In 1829 Ethan Allen Crawford trapped 75 "sable" on the rugged rim of the White Mountain Notch that bears his name. Subsequently, logging operations reached back into the habitat of the marten and liquidated the most valuable fur-bearer that ever roamed the uplands of New England.
Whether the disappearance of this once common animal was caused by the clearing of the virgin spruce stands where the red squirrel, its principal prey, fed upon the prolific spruce seed or the activities of lumber jack-trappers is still an open question. But the combination proved too much for the marten to survive.
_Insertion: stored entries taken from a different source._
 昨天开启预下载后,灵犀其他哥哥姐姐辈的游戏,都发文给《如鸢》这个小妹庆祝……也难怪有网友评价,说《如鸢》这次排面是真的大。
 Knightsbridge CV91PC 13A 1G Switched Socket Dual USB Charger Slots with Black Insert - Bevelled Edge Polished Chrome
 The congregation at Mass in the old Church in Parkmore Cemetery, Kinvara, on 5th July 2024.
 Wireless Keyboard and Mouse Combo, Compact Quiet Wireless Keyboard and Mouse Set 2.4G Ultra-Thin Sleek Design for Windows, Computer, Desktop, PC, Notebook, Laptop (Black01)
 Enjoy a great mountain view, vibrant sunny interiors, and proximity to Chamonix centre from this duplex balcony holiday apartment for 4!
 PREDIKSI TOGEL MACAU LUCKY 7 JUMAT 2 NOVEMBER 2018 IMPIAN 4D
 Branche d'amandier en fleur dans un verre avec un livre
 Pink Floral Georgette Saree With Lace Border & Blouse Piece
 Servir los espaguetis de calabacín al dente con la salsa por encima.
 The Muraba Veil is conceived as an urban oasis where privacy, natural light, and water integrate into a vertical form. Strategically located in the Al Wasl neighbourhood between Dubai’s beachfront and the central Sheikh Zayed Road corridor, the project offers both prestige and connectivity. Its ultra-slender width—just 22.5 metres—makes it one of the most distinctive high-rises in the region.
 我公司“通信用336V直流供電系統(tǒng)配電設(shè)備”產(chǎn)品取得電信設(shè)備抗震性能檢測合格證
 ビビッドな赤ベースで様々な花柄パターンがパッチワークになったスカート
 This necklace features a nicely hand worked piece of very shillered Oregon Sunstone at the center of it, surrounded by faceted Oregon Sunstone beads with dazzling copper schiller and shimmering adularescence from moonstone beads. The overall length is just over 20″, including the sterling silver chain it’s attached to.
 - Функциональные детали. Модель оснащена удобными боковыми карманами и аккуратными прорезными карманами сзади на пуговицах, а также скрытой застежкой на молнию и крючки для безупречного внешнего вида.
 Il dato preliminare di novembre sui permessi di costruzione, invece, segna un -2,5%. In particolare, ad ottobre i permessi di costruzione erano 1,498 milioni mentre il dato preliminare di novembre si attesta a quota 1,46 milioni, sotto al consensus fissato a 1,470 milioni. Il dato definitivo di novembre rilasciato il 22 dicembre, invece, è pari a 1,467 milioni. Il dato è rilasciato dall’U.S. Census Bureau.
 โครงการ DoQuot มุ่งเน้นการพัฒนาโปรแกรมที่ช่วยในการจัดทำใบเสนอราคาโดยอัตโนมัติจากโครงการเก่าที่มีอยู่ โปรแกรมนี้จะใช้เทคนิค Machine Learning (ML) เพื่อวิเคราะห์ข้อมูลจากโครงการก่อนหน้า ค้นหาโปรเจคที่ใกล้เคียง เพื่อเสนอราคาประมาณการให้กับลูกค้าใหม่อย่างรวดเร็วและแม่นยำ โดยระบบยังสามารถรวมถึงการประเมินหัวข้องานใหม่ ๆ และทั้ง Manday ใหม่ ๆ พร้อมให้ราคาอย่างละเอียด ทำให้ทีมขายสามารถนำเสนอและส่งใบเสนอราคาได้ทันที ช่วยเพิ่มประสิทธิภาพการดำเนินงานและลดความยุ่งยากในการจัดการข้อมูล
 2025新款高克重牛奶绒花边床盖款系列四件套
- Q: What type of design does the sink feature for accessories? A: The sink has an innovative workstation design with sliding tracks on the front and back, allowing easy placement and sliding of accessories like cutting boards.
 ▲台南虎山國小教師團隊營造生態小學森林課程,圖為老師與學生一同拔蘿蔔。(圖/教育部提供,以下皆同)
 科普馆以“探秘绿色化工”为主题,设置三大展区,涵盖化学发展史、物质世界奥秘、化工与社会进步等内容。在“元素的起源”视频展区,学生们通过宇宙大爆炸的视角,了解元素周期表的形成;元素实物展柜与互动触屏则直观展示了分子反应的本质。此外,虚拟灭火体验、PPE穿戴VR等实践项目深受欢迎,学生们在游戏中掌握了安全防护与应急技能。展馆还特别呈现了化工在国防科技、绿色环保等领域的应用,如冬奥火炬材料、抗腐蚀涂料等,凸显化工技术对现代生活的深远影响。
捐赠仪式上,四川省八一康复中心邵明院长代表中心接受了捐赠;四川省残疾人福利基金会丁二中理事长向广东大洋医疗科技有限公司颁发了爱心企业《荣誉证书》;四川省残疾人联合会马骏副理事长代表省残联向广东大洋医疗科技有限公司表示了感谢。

An enterprising woodsman, in the days when marten were not protected by law, could drill a two-inch hole into a spruce tree, stuff into the opening a dead squirrel, ring the hole with three nails so spaced that a marten could not withdraw its head, and thus catch himself a valuable pelt.
The marten, despite his prowess in other fields, was a "sucker" for that simple trap and his curiosity about dead squirrels stuffed into spruce trees eventually led to his extermination.
The marten is more vicious than the blood-thirsty weasel, faster in the tree-tops than the lively squirrel, and more valuable than the prized fisher. He is in a class of his own, as explained by Craig Thompson
Whether the marten can be reestablished in his former haunts will not be decided until his (and her) tracks show in the first snows of late fall. Even though this initial pair takes to the land, it will be some time before a marten population can be restored in the North Country.
Many years ago the deer was a rare animal in northern New Hampshire but he "came back" with the extermination of the wolf and legal protection provided by State law most of the year. More recently, the beaver, the fisher, and the moose have shown a remarkable capacity to thrive, if given half a chance. Perhaps the marten will follow the same pattern.
The Saturday Evening Post claims "sables are a Soviet monopoly." But the hope remains that this same animal, once common in northern New England, may some day be reestablished hereabouts—thanks to a timely assist from our cooperative neighbors in Ontario who have learned better than we how to perpetuate a fur harvest.